[What you need to do] Once the images are set aside, write out the rest of the records exactly.

[Dataset items]
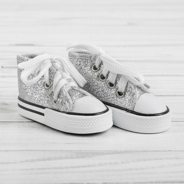 10 цен на Кеды для кукол «Блёстки», длина подошвы: 7,5 см, цвет серебряный
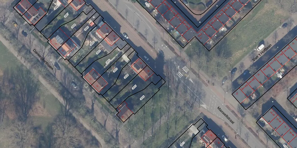 Het perceel waarop Maxwellstraat 22 staat heeft een oppervlakte van 319 m². Dit is een groot perceel. De perceeloppervlakte wordt geregistreerd door het Kadaster. Gedetailleerde informatie over de maten van dit perceel kunt u vinden in het rapport Kadastrale kaart met maatvoering van Maxwellstraat 22.
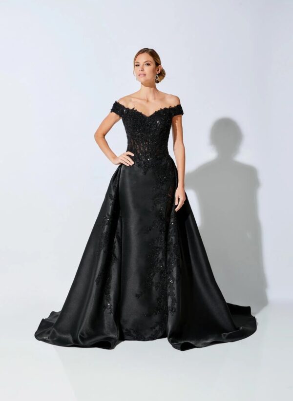 NECKLINE: V-Neck, SILHOUETTE: A-Line, FABRIC: Lace, Mikado, Stone Accents, SPECIAL FEATURES: Detachable Overskirt Included, Shawl Included, Slit Modesty Piece Included, SLEEVE TYPE: Off the Shoulder, WAISTLINE: Dropped Waist
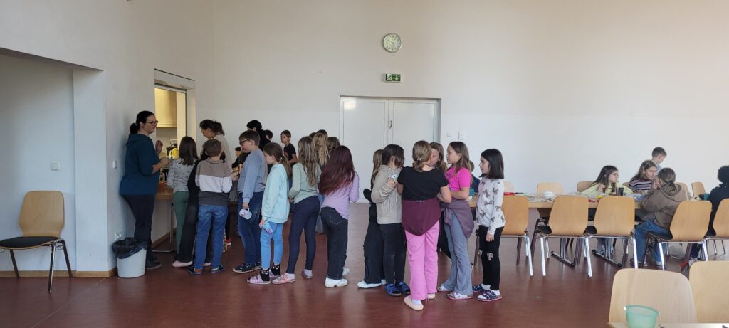 Als die Klassen nach und nach zum Frühstück kamen, staunten die Kinder nicht schlecht: Bunte Platten mit frischen Lebensmitteln luden zum Probieren ein, und der Duft von frisch gebrühtem Tee und Vollkornbrot erfüllte den Raum. Viele Kinder griffen begeistert zu und entdeckten dabei auch Neues – etwa wie lecker Paprika auf einem Brot mit Frischkäse schmecken kann.
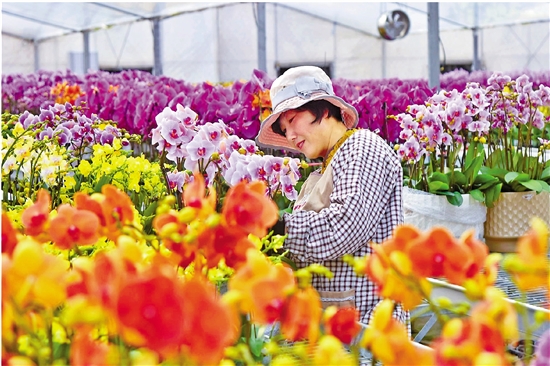图为1月5日,在江苏省如皋市如城街道保来园艺花卉基地,花农在打理蝴蝶兰。
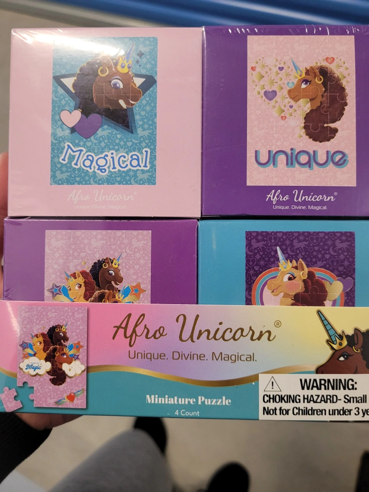 Set of four miniature puzzles. Features adorable Afro Unicorn designs. Unique, divine, magical themes. Choking hazard, not for children under 3 years. I have multiple available. great for loot bags.

[Result of this task]
 10 цен на Кеды для кукол «Блёстки», длина подошвы: 7,5 см, цвет серебряный
 Het perceel waarop Maxwellstraat 22 staat heeft een oppervlakte van 319 m². Dit is een groot perceel. De perceeloppervlakte wordt geregistreerd door het Kadaster. Gedetailleerde informatie over de maten van dit perceel kunt u vinden in het rapport Kadastrale kaart met maatvoering van Maxwellstraat 22.
 NECKLINE: V-Neck, SILHOUETTE: A-Line, FABRIC: Lace, Mikado, Stone Accents, SPECIAL FEATURES: Detachable Overskirt Included, Shawl Included, Slit Modesty Piece Included, SLEEVE TYPE: Off the Shoulder, WAISTLINE: Dropped Waist
 Als die Klassen nach und nach zum Frühstück kamen, staunten die Kinder nicht schlecht: Bunte Platten mit frischen Lebensmitteln luden zum Probieren ein, und der Duft von frisch gebrühtem Tee und Vollkornbrot erfüllte den Raum. Viele Kinder griffen begeistert zu und entdeckten dabei auch Neues – etwa wie lecker Paprika auf einem Brot mit Frischkäse schmecken kann.
图为1月5日,在江苏省如皋市如城街道保来园艺花卉基地,花农在打理蝴蝶兰。
 Set of four miniature puzzles. Features adorable Afro Unicorn designs. Unique, divine, magical themes. Choking hazard, not for children under 3 years. I have multiple available. great for loot bags.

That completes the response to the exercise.